AIM OF THE EXERCISE: Please return the data word for word and leave out any picture it contains.

INFORMATION SHOWN:

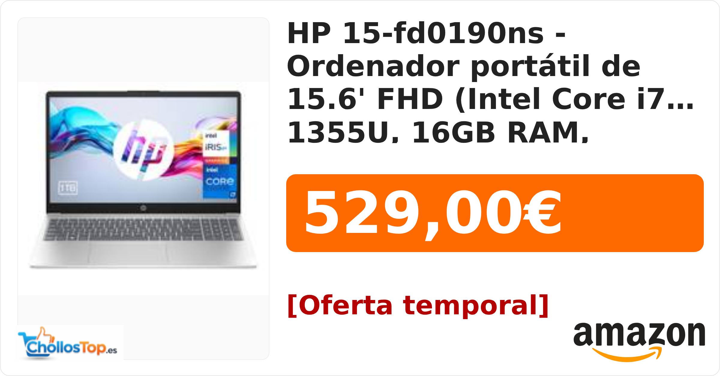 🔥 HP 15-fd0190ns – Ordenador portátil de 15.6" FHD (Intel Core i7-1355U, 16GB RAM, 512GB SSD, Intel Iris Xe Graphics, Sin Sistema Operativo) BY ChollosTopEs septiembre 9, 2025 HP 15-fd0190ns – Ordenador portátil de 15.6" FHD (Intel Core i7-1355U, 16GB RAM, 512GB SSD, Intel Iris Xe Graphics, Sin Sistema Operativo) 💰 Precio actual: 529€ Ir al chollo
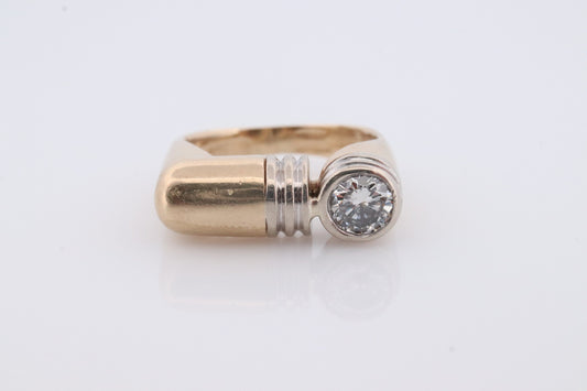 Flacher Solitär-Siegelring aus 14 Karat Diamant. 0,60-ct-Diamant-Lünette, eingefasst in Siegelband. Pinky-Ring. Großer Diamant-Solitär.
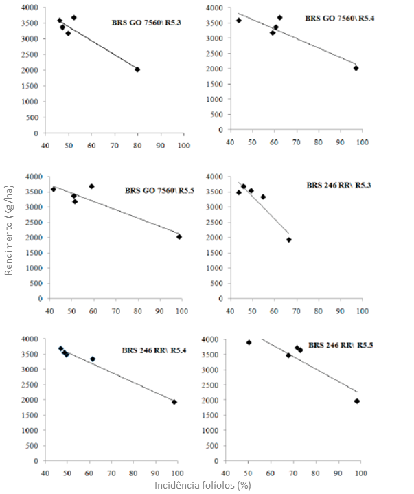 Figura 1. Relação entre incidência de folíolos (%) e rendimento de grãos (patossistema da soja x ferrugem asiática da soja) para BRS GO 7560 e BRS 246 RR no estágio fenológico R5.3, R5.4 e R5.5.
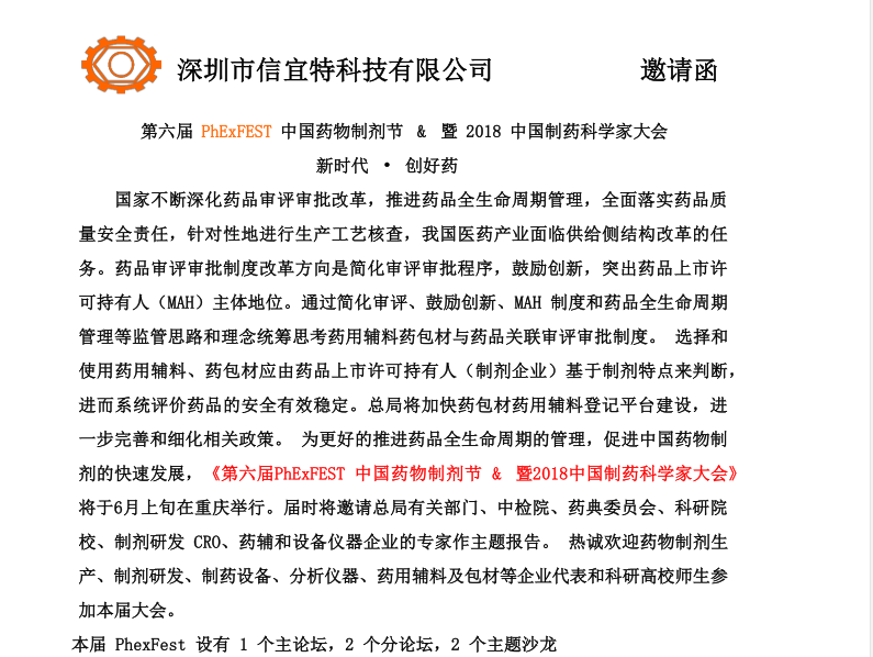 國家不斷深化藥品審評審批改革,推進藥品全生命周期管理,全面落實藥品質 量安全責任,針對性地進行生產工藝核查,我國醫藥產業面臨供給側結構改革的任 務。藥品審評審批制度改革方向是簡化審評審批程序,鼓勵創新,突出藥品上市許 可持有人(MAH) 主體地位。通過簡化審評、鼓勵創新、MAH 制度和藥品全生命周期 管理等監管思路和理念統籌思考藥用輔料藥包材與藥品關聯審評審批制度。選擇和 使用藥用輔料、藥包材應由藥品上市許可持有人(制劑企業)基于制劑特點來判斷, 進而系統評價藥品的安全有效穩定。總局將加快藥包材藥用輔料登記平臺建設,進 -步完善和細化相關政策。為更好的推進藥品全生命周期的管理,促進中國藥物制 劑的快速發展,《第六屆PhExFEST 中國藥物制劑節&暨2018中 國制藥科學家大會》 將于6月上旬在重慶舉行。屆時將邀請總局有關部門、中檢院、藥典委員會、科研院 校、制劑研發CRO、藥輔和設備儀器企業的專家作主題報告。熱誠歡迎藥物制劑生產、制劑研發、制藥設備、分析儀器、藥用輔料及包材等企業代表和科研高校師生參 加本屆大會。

EXERCISE SOLUTION:
 🔥 HP 15-fd0190ns – Ordenador portátil de 15.6" FHD (Intel Core i7-1355U, 16GB RAM, 512GB SSD, Intel Iris Xe Graphics, Sin Sistema Operativo) BY ChollosTopEs septiembre 9, 2025 HP 15-fd0190ns – Ordenador portátil de 15.6" FHD (Intel Core i7-1355U, 16GB RAM, 512GB SSD, Intel Iris Xe Graphics, Sin Sistema Operativo) 💰 Precio actual: 529€ Ir al chollo
 Flacher Solitär-Siegelring aus 14 Karat Diamant. 0,60-ct-Diamant-Lünette, eingefasst in Siegelband. Pinky-Ring. Großer Diamant-Solitär.
 Figura 1. Relação entre incidência de folíolos (%) e rendimento de grãos (patossistema da soja x ferrugem asiática da soja) para BRS GO 7560 e BRS 246 RR no estágio fenológico R5.3, R5.4 e R5.5.
 國家不斷深化藥品審評審批改革,推進藥品全生命周期管理,全面落實藥品質 量安全責任,針對性地進行生產工藝核查,我國醫藥產業面臨供給側結構改革的任 務。藥品審評審批制度改革方向是簡化審評審批程序,鼓勵創新,突出藥品上市許 可持有人(MAH) 主體地位。通過簡化審評、鼓勵創新、MAH 制度和藥品全生命周期 管理等監管思路和理念統籌思考藥用輔料藥包材與藥品關聯審評審批制度。選擇和 使用藥用輔料、藥包材應由藥品上市許可持有人(制劑企業)基于制劑特點來判斷, 進而系統評價藥品的安全有效穩定。總局將加快藥包材藥用輔料登記平臺建設,進 -步完善和細化相關政策。為更好的推進藥品全生命周期的管理,促進中國藥物制 劑的快速發展,《第六屆PhExFEST 中國藥物制劑節&暨2018中 國制藥科學家大會》 將于6月上旬在重慶舉行。屆時將邀請總局有關部門、中檢院、藥典委員會、科研院 校、制劑研發CRO、藥輔和設備儀器企業的專家作主題報告。熱誠歡迎藥物制劑生產、制劑研發、制藥設備、分析儀器、藥用輔料及包材等企業代表和科研高校師生參 加本屆大會。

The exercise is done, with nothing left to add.